Attorney-General of Sudan
- In office 10 October 2019 – 02 January 2022
- Prime Minister: Abdalla Hamdok
- Preceded by: Office established
- Succeeded by: Office abolished

Personal details
- Born: 1948 (age 77–78)
- Alma mater: University of Khartoum
- Occupation: lawyer

= Tag el-Sir el-Hibir =

Sudanese lawyer

Tag el-Sir el-Hibir (also: Taj, El Sir, Alsir, El Hibir, Alhibir, born in 1948) is a Sudanese lawyer who became the Attorney-General of Sudan on 10 October 2019 during the 2019 Sudanese transition to democracy.

==Childhood and education==
El-Hibir was born in 1948 in Khilaila, a village north of Khartoum, to a family that runs local Islamic seminaries. He studied law at the University of Khartoum.

==Legal experience==
El-Hibir worked in the Attorney-General's Office, in the General Attorney Council and the Laws Committee. In the 1970s, el-Hibir was an assistant legal counsel. He helped the Law Commission of Sudan prepare Volume 4 of an updated compendium of Sudanese law. He worked in other lawyers' cabinets and then open his own office.

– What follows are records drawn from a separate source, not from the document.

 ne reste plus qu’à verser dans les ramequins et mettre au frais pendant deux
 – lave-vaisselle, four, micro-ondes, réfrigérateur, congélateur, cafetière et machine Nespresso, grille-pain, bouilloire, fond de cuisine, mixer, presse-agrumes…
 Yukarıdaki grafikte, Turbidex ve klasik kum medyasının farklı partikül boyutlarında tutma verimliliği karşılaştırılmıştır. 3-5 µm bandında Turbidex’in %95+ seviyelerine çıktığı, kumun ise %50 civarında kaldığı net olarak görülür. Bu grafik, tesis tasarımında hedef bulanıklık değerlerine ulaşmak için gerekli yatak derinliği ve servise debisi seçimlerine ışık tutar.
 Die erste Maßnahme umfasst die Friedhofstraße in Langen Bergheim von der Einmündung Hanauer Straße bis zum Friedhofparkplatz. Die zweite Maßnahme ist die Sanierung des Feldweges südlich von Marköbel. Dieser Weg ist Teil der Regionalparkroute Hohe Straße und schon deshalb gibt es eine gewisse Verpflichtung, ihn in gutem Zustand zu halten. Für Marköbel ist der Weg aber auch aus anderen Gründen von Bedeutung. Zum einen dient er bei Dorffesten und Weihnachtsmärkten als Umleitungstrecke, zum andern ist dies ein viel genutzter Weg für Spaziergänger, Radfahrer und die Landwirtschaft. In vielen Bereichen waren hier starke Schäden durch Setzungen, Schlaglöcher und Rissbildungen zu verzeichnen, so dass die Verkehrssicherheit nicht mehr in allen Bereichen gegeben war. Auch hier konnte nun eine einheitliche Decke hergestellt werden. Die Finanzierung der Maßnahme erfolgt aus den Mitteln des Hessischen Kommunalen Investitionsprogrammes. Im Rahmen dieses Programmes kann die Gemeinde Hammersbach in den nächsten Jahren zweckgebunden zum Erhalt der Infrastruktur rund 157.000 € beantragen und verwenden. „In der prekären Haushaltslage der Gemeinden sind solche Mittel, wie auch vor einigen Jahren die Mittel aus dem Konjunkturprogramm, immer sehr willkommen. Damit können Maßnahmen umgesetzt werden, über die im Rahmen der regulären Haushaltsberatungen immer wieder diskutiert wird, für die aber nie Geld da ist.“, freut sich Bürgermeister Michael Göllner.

El-Hibir was a member of an indictment council preparing a case in June 2019 against members of the previous government involved in the 1989 Sudanese coup d'état. Lawyers filed the case in May 2019, shortly after the April 2019 coup d'état that overthrew president Omar al-Bashir and prior to the Transitional Military Council transferring power to a mixed civilian–military Sovereignty Council several months later. The indictment council consisted of el-Hibir, Kamal el-Jazouli and Mohamed el-Hafiz. On 24 June 2019, the council questioned Sadiq al-Mahdi, the former prime minister overthrown by Omar al-Bashir in the 1989 coup, retired Lt-Generals Mahdi Babu Nimer and Fadlallah Burma.

==Political neutrality==
El-Hibir is seen by lawyer Kamal Jizouli as broadly supporting democracy with no specific political preferences. Jizouli says that el-Hibir was an active member of the Lawyers' Trade Union during the 1985 protests that led to the 1985 Sudanese coup d'état that overthrew president Gaafar Nimeiry, "fight[ing] for what is right, [but with] no partisan affiliations of any sort".

==Attorney General==
On 10 October 2019 el-Hibir became Attorney-General of Sudan by decree, together with Nemat Abdullah Khair who became the Chief Justice of Sudan.

On 30 October, el-Hibir held a press conference with Hurriya Ismail, the head of the National Human Rights Commission. El-Hibir and Ismail promised that prosecutions would be carried out for the killing of peaceful protestors during the September–October 2013 protests, for the 3 June 2019 Khartoum massacre (investigated in the Khartoum massacre investigation), and for any other human rights violations during the Omar al-Bashir era. El-Hibir called for Sudan to ratify the United Nations Convention against Torture which it signed on 4 June 1986.